Monday, June 20, 2011

Don’t Tell the Children

The summer solstice is a cruel irony. I spent an hour with my aged Webster’s Ninth New Collegiate Dictionary (copyright 1987) after writing that sentence. I love words to the point of obsession sometimes.

Solstice is from the Latin “solstitium,” meaning “sun + to come to a stop.” The summer solstice in the northern hemisphere, the day when the sun stops its day-lengthening climb in the sky, falls officially on June 21. I looked up “irony” as well. The meaning I was after was listed as definition 3 a (1): incongruity between the actual result of a sequence of events and the normal or expected result.

The 13-line explanation of “irony” is the longest definition of an “i” word in 16 columns of words between “inversion” (14 lines long, a reversal of position) and the final word, “izzard” (a noun, probably from Middle French, meaning the letter z). I discovered a good new word in there: irrefragable (of Latin origin), meaning “impossible to refute or to break, as in arguments or rules.”

I’m joining the Poetry Jam today, which is why the emphasis is on summer. With the solstice, summer begins, but from this point onward, the hours of daylight begin to recede. For some reason, I feel a tad cheated by that. You’ll find more summery attitudes here.

Children do not know
cruel irony underlies
the summer solstice
like the grass
beneath the sprinkler
through which they run
screaming with joy
in the hot June sun.
Summer’s freedom
has begun, stretching
out as far as they can see
in its eternal
light.
In truth
the solstice
marks the end
of growing light.
From this apex
summer days begin
their inexorable march
to autumn and its equinox
a clandestine waning
of the sun.

12 comments:

Brian Miller said...

getting to the top of the rollercoaster it must once again come rumbling down the hill...enjoy the freedom while you can....and winter waits expectantly

Peter Goulding said...

This is wonderfully irrefragable, Chris. Every midsummers day I inform my wife that the nights are going to start drawing in. I can never understand why she answers with violence.

The Bug said...

LOL at Peter. I just read a blog post by Reya Mellicker today about how the summer solstice is bittersweet. Ever since I've understood it, I've mourned the day a bit. I don't like the dark. Sigh.

Titus said...

Wonderful opening, and then fine transit to a blinding six final lines. Beautifully done, and I loved the tone too.

Helen said...

Content and form ... well done, many adults do not know that cruel irony.

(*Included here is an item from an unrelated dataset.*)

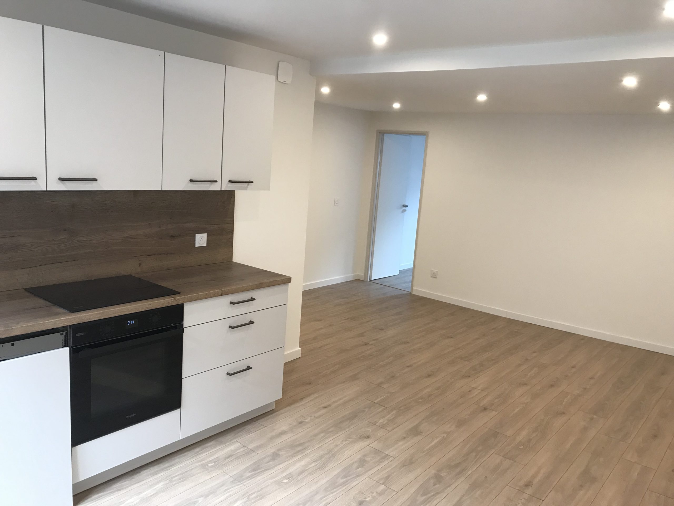 Ce bien est équipé d’un hall d’entrée desservant deux chambres, une salle d’eau, WC. La cuisine aménagée et équipée. Elle comprend un four pyrolyse, une plaque induction, une hotte aspirante et un lave vaisselle.

Gabriella Moonlight said...

I am obsessed with words too I have some very old dictionaries that I have written in, and I have one that has been used with hubby to write/circle words with next pages to go to in order to describe each other, love, etc...fun things to do with dictionaries! Great poem and good luck at the Poetry Jam! You'll do amazing,...hugs to you!

Laurie Kolp said...

Oh, I do like this one... a lot! I love the shape.

Margaret said...

I agree that summer solstice is bitter sweet. I love the research you do...makes for a well thought out poem.

Rob-bear said...

Dropped by from Linda's for a quick visit. Interesting bit of "word love" on your part; I appreciate it. The solstice arrives just after noon, tomorrow, in my world. And I will enjoy its arrival, sharing the change in pictures and words.

jabblog said...

It doesn't do to dwell on these things;-)but you have expressed the irony succinctly and beautifully.

the walking man said...

Funny the days begin to shorten by degrees same time as the temperature rises by degrees.

Jess Mistress of Mischief said...

Beautiful sentence and beautiful poem! I love reading your poetry!